- Date: 12–17 August
- Edition: 18th
- Surface: Clay
- Location: Todi, Italy

Champions

Singles
- Carlos Taberner

Doubles
- Ivan Sabanov / Matej Sabanov
- ← 2023 · Internazionali di Tennis Città di Todi · 2025 →

= 2024 Internazionali di Tennis Città di Todi =

The 2024 Internazionali di Tennis Città di Todi was a professional tennis tournament played on clay courts. It was the 18th edition of the tournament which was part of the 2024 ATP Challenger Tour. It took place in Todi, Italy between 12 and 17 August 2024.

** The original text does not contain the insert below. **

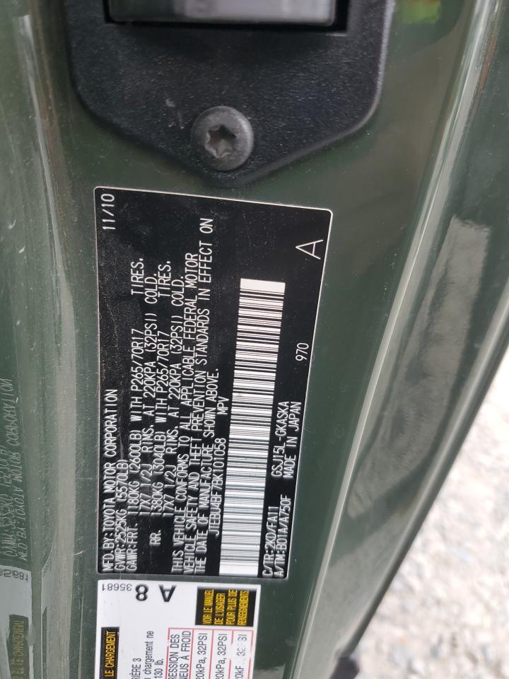2011 TOYOTA FJ CRUISER - JTEBU4BF7BK101058, колір - Зелений, 4.0, Бензин, 4x4 з заднім приводом із США

==Singles main-draw entrants==
===Seeds===

| Country | Player | Rank^{1} | Seed |
|---|---|---|---|
| ITA | Stefano Travaglia | 236 | 1 |
| ROU | Filip Cristian Jianu | 238 | 2 |
| FRA | Clément Tabur | 244 | 3 |
| ITA | Francesco Maestrelli | 246 | 4 |
| ARG | Genaro Alberto Olivieri | 249 | 5 |
| ARG | Andrea Collarini | 257 | 6 |
| FRA | Geoffrey Blancaneaux | 259 | 7 |
| ITA | Enrico Dalla Valle | 261 | 8 |
| ITA | Gianluca Mager | 266 | 9 |

- ^{1} Rankings are as of 5 August 2024.

===Other entrants===
The following players received wildcards into the singles main draw:
- ITA Gianmarco Ferrari
- ITA Gabriele Pennaforti
- ITA Gabriele Piraino

The following players received entry into the singles main draw as alternates:
- ITA Marco Cecchinato
- SVK Martin Kližan
- ITA Andrea Picchione
- ARG Juan Bautista Torres

The following players received entry from the qualifying draw:
- ARG Luciano Emanuel Ambrogi
- ITA Pierluigi Basile
- ITA Gianluca Cadenasso
- ITA Luca Castagnola
- ITA Facundo Juárez
- FRA Luka Pavlovic

The following player received entry as a lucky loser:
- AUS Matthew Dellavedova

==Champions==
===Singles===

- ESP Carlos Taberner def. ARG Santiago Rodríguez Taverna 6–4, 6–3.

===Doubles===

- SRB Ivan Sabanov / SRB Matej Sabanov def. SWE Filip Bergevi / NED Mick Veldheer 6–4, 7–6^{(7–3)}.